7ABAW-Compound Expression Recognition via Curriculum Learning

TL;DR

This work tackles Compound Expression Recognition under limited labeled data by introducing a curriculum-learning framework that first trains on single-expression data and then progressively incorporates compound expressions through synthetic augmentation. A Masked Autoencoder (MAE) backbone is pretrained on large-scale face datasets and fine-tuned for affective recognition, while CutMix and Mixup generate diverse compound-expression samples to bridge data gaps. The training is staged, gradually increasing the proportion of compound data and aggregating probabilities of basic expressions to form compound predictions, all optimized with Binary Cross-Entropy Multi-Label Loss. The approach achieves state-of-the-art results on the ABAW7 CE track (F1 = 0.6063), demonstrating that structured, gradually complex learning combined with augmented data enhances generalization for complex affective states.

Abstract

With the advent of deep learning, expression recognition has made significant advancements. However, due to the limited availability of annotated compound expression datasets and the subtle variations of compound expressions, Compound Emotion Recognition (CE) still holds considerable potential for exploration. To advance this task, the 7th Affective Behavior Analysis in-the-wild (ABAW) competition introduces the Compound Expression Challenge based on C-EXPR-DB, a limited dataset without labels. In this paper, we present a curriculum learning-based framework that initially trains the model on single-expression tasks and subsequently incorporates multi-expression data. This design ensures that our model first masters the fundamental features of basic expressions before being exposed to the complexities of compound emotions.
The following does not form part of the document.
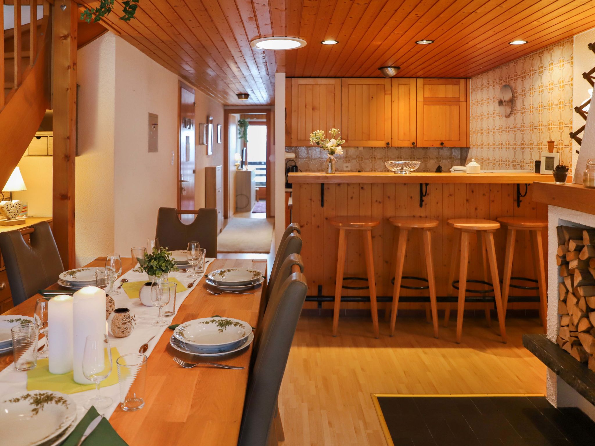 "Muverans I C3", 4-Zimmer-Wohnung 60 m2 im 3. Stock. Schön eingerichtet: Wohn-/Esszimmer mit offenem Kamin (nur Deko), Kabel-TV. Ausgang zum Balkon, Richtung Süden und Richtung Südosten. 1 Zimmer mit 2 Betten. Ausgang zum Balkon, Richtung Norden und Richtung Westen. Küche (4 Kochplatten, Backofen, Geschirrspüler, Mikrowelle, Tiefkühler, elektrische Kaffeemaschine, Kapseln für die Kaffeemaschine (Nespresso) extra, Racletteofen, Fondue Set (Käse)). Bad/WC, Dusche. Obergeschoss: 1 abgeschrägtes Zimmer, Deckenhöhe 60 - 150 cm mit Dachfenster mit 2 Betten. Abgeschrägtes, verbundenes Zimmer mit Dachfenster mit 2 Betten. Balkonmöbel, Elektrogrill, Liegestühle (2). Schöne Sicht auf die Berge und die Ortschaft. Zur Verfügung: Internet (Wireless LAN, gratis). Parkplatz Nr. 28 (überdacht), Höhe 200 cm, Breite 295 cm. Bitte beachten: Nichtraucher-Unterkunft.
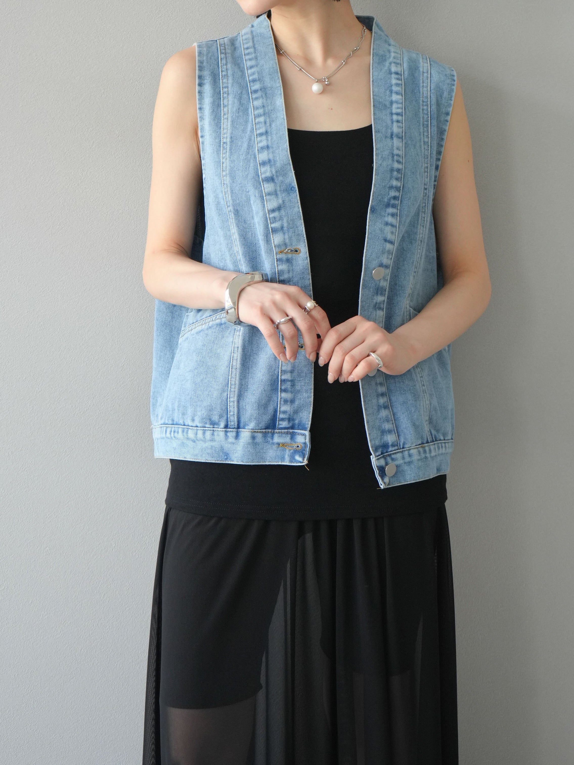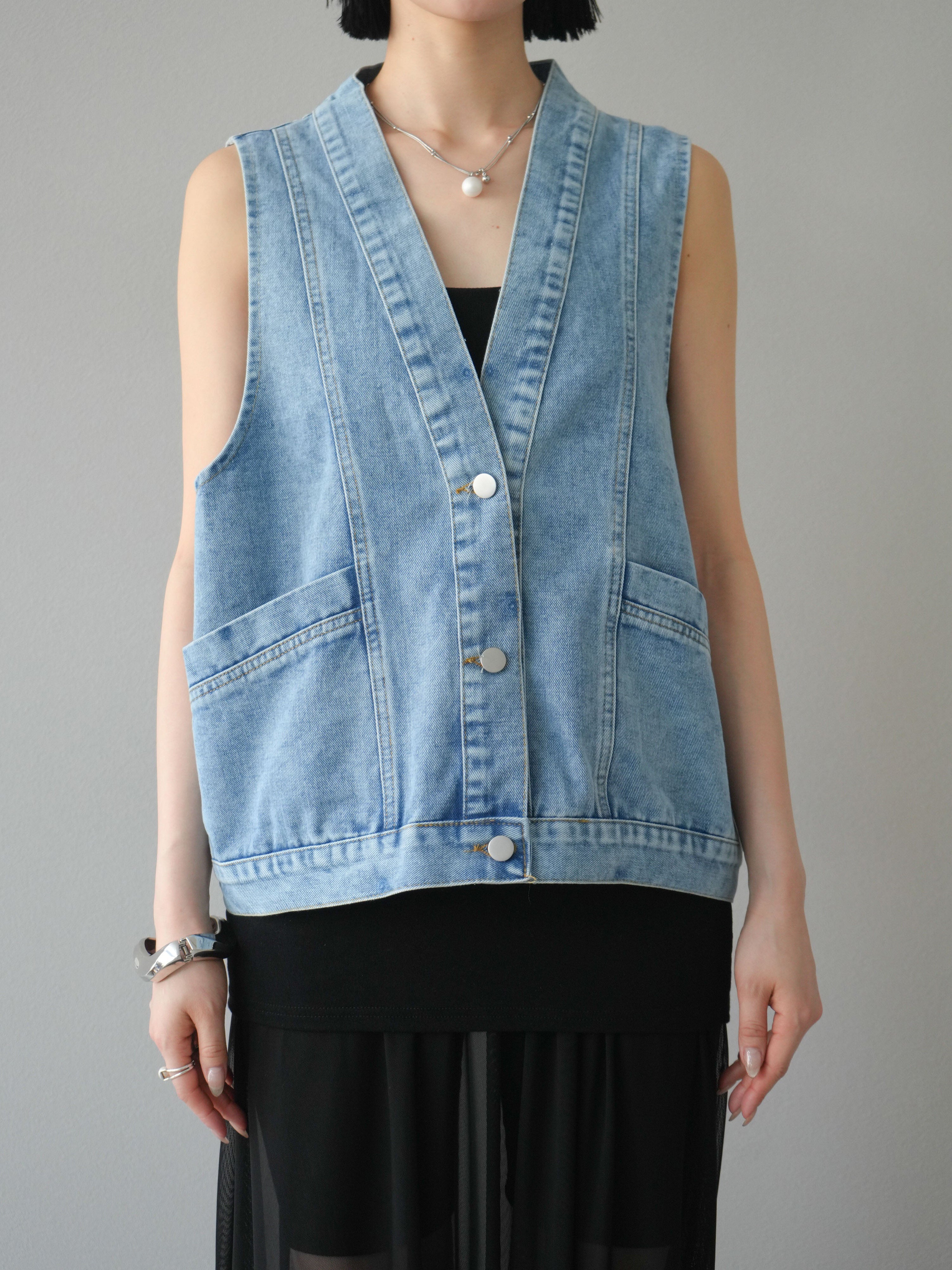Vネックデザインデニムベスト 2色入

Specifically, our designs can be summarized as follows: 1) Single-Expression Pre-training: The model is first trained on datasets containing single expressions to learn the foundational facial features associated with basic emotions. 2) Dynamic Compound Expression Generation: Given the scarcity of annotated compound expression datasets, we employ CutMix and Mixup techniques on the original single-expression images to create hybrid images exhibiting characteristics of multiple basic emotions. 3) Incremental Multi-Expression Integration: After performing well on single-expression tasks, the model is progressively exposed to multi-expression data, allowing the model to adapt to the complexity and variability of compound expressions. The official results indicate that our method achieves the \textbf{best} performance in this competition track with an F-score of 0.6063. Our code is released at https://github.com/YenanLiu/ABAW7th.

Paper Structure

This paper contains 20 sections, 2 equations, 1 figure, 3 tables.

Figures (1)

  • Figure 1: Illustration of our proposed frameworks for the compound recognition competition. We adopt a curriculum learning approach, transitioning from basic expression prediction to compound expression learning. We take the second stage training process as an example to illustrate the transition process. Different from the first training stage only utilizes the basic expression data to train the model, in this second stage, we randomly select the compound expression data from the natural compound expression datasets (i.e. RAD-BF and Fuxi-EXPR ) and the generated compound expression data. Specifically, there are 80% basic expression images and 20% compound expression images involved in the second training stage. Here, cls. Head refers to the classification head, which is composed of linear layers.